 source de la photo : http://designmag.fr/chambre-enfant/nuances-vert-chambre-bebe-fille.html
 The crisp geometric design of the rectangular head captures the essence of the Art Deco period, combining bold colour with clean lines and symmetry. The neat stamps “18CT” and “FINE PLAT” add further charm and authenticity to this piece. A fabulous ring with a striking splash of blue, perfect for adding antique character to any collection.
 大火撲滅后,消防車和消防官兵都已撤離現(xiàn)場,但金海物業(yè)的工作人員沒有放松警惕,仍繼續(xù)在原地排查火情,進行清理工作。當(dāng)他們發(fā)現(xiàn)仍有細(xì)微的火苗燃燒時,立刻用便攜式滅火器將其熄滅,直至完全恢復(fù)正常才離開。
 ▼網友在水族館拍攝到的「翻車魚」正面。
--
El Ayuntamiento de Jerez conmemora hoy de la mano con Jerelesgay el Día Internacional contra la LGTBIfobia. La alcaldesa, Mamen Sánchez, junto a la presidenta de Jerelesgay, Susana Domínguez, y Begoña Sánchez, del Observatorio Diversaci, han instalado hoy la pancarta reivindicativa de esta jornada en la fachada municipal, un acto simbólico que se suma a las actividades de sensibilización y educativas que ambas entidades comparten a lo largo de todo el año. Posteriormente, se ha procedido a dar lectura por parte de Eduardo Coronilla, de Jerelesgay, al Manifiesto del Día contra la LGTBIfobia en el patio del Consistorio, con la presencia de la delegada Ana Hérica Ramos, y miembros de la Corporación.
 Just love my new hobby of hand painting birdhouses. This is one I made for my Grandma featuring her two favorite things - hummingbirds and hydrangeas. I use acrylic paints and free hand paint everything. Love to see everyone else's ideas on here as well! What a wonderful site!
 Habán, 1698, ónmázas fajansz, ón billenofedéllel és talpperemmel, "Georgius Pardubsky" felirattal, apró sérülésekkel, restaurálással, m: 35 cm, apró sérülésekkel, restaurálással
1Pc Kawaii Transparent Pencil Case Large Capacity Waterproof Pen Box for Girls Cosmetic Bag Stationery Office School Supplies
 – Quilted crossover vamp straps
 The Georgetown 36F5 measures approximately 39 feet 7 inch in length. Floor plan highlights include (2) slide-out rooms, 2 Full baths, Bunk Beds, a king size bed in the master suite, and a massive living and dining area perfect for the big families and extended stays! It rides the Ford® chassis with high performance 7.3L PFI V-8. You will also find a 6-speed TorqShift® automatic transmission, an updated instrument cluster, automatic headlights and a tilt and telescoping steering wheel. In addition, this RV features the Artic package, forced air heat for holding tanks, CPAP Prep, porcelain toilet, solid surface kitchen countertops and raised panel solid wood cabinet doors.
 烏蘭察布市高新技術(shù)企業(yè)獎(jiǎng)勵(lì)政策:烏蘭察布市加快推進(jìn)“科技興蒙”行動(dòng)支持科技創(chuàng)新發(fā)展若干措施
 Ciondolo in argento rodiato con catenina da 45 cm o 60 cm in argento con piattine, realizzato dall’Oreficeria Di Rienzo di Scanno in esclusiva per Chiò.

> **ASSIGNMENT**
All lines above from the one with "The Georgetown 36F5" to the one with "Ciondolo in argento", inclusive, should be copied exactly, and no other lines.

> **ANSWER TO THE EXERCISE**
 The Georgetown 36F5 measures approximately 39 feet 7 inch in length. Floor plan highlights include (2) slide-out rooms, 2 Full baths, Bunk Beds, a king size bed in the master suite, and a massive living and dining area perfect for the big families and extended stays! It rides the Ford® chassis with high performance 7.3L PFI V-8. You will also find a 6-speed TorqShift® automatic transmission, an updated instrument cluster, automatic headlights and a tilt and telescoping steering wheel. In addition, this RV features the Artic package, forced air heat for holding tanks, CPAP Prep, porcelain toilet, solid surface kitchen countertops and raised panel solid wood cabinet doors.
 烏蘭察布市高新技術(shù)企業(yè)獎(jiǎng)勵(lì)政策:烏蘭察布市加快推進(jìn)“科技興蒙”行動(dòng)支持科技創(chuàng)新發(fā)展若干措施
 Ciondolo in argento rodiato con catenina da 45 cm o 60 cm in argento con piattine, realizzato dall’Oreficeria Di Rienzo di Scanno in esclusiva per Chiò.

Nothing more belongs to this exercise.